Still, wanting to be a “healthy couple”, you both rely on bland, unsatisfying takeout to ensure you can at least sit down together 3-4 nights a week. Most of those nights you both are totally exhausted and barely able to hold a conversation, but doesn’t matter, because the important thing is your doing what the advice columns said of sitting together 3-4 nights a week…right? 

Doesn’t matter if one of you really prefers to not do a pizza night anymore. The important thing is to do it because it’s a way to “keep it fun”…right?

Doesn’t matter that we’re measuring the quality of your relationship on random, predetermined requirements that you may or may suit your current relationship’s needs, values, or preferences…right?
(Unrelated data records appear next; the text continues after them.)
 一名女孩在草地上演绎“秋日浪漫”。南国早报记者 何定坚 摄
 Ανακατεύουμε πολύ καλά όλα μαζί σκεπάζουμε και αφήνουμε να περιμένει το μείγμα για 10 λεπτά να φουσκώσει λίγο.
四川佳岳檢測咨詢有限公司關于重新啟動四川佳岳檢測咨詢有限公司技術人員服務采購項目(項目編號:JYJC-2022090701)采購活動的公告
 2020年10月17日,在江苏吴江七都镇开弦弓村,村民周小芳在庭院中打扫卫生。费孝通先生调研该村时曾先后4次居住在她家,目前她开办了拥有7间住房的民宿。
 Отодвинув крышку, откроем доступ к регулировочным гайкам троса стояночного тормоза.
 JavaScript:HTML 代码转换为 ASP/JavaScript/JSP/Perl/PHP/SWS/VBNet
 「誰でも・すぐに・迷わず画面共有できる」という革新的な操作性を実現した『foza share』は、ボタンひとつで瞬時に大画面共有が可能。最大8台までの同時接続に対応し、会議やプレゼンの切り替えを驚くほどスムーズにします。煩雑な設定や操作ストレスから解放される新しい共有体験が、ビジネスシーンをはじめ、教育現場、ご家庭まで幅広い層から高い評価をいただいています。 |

Doesn’t matter that your relationship likely has a whole host of unique ways in which you bond weekly (laughing together, cuddling, other forms of intimicy, playing games, exercising, reading together, etc.) but haven’t been recognized or praised…right?

Right?

No.

Not right.

Let’s stop the madness and start finding what works for you!
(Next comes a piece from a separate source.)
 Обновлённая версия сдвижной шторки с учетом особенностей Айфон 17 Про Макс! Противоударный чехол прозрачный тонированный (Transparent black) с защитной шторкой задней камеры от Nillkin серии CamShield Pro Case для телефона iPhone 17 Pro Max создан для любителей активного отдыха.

“So, there’s hope for me/us?”

There’s always hope.

I know it’s a big leap of faith to trust that behind your struggles are opportunities.

In therapy with me, (whether you’re a couple or an individual) I will help you identify your brakes and accelerators, the contexts in which they exist. And most importantly, understand the underlying processes that makes sex pleasurable for you.

I help couples and individuals:

  • Expand their definitions of sex and intimacy
  • Decrease sex and judgment around sex and intimacy and increase play and curiosity!
  • Gain communication tools and skills,
  • Increase the quantity of opportunities for sex & intimacy.
  • Improve the quality of sex & intimacy you are having.
  • And Ensure that you’re having the sex you want, not the sex you think you’re supposed to have.

“How do we start?”

You start by…

  • Accepting where you are now. 
  • Looking for the opportunities to grow in the now.
  • Acknowledging the challenges.
  • Accepting that “healthy” evolves. 
  • Acknowledging that no one can define healthy for you and and/or your partner.
  • Not equating happiness to perfection or random measures that do not equate to satisfaction or pleasure for you.

 

“What if I’m a little unsure of how to get the ball rolling, or I’m intimidated to get started?”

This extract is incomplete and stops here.